The confidence of Japan's large manufacturers declined in the fourth quarter as a recession offset a boost from a weaker yen, underlining the challenges facing Prime Minister Shinzo Abe after his re-election.
The Tankan's big manufacturer index slipped to 12 in December from 13 in September, the Bank of Japan said. The index is forecast to drop to 9 in March.
A recession and an election victory that puts pressure on Abe to deliver on growth-boosting reforms are raising the stakes for his efforts to revive the world's third-biggest economy. Burdened by debt, the Government is counting on companies to increase investment and wages to fuel a recovery.
"Companies are still cautious," said Kiichi Murashima, an economist at Citigroup. "I doubt capital investment will be implemented as planned as companies are still not expecting strong growth in the economy."
Sentiment among large non-manufacturers rose to 16 from 13. Across all industries, big companies plan to boost capital expenditure 8.9 per cent this fiscal year through March, compared with plans for an 8.6 per cent lift in the September survey.
Large manufacturers based their plans on the assumption the yen would average 103.36 per US dollar in the current fiscal year. The Japanese currency was trading yesterday at about 118.62 against the dollar, after touching a seven-year low of 121.85 last week.

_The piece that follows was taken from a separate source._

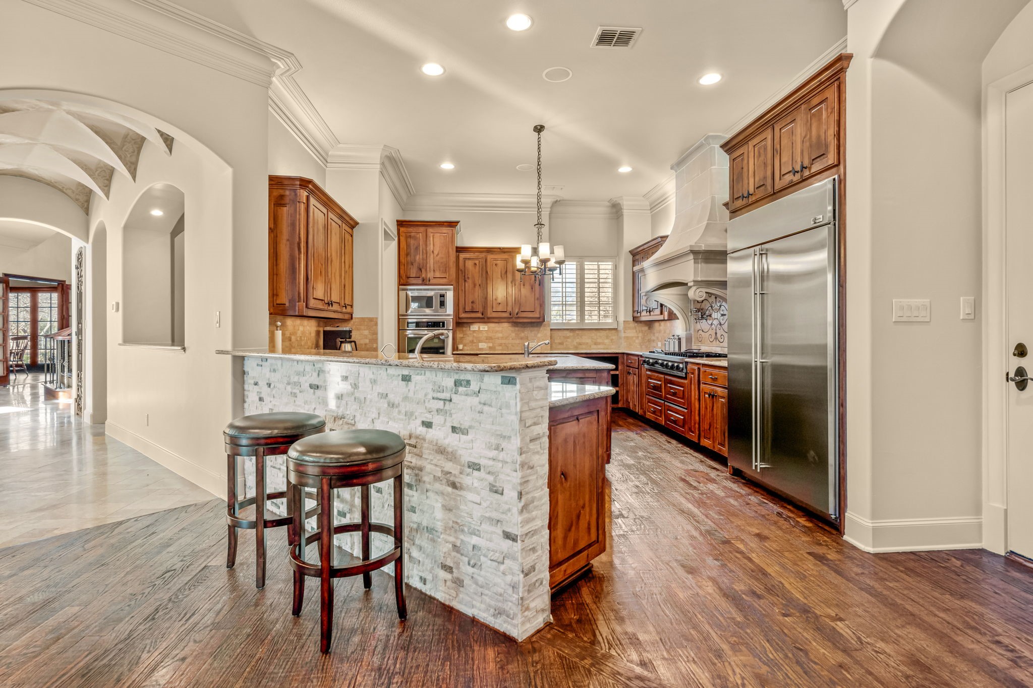 • Appliances: Some Gas Appliances, Built-In Gas Range, Built-In Refrigerator, Convection Oven, Double Oven, Dishwasher, Disposal, Gas Water Heater, Microwave, Plumbed For Gas, Refrigerator, Warming Drawer

"Sentiment among companies will improve gradually," Yoshiki Shinke, an economist at Dai-ichi Life Research Institute, said before the release. "For now, companies are weighing the boost from a weak yen and the stalled recovery."
Consumption slumped in the wake of the sales-levy increase in April, kicking off two quarters of contraction. Abe last month postponed another tax hike to April 2017, prompting rating agencies to cut Japan's debt rating or warn of possible downgrades.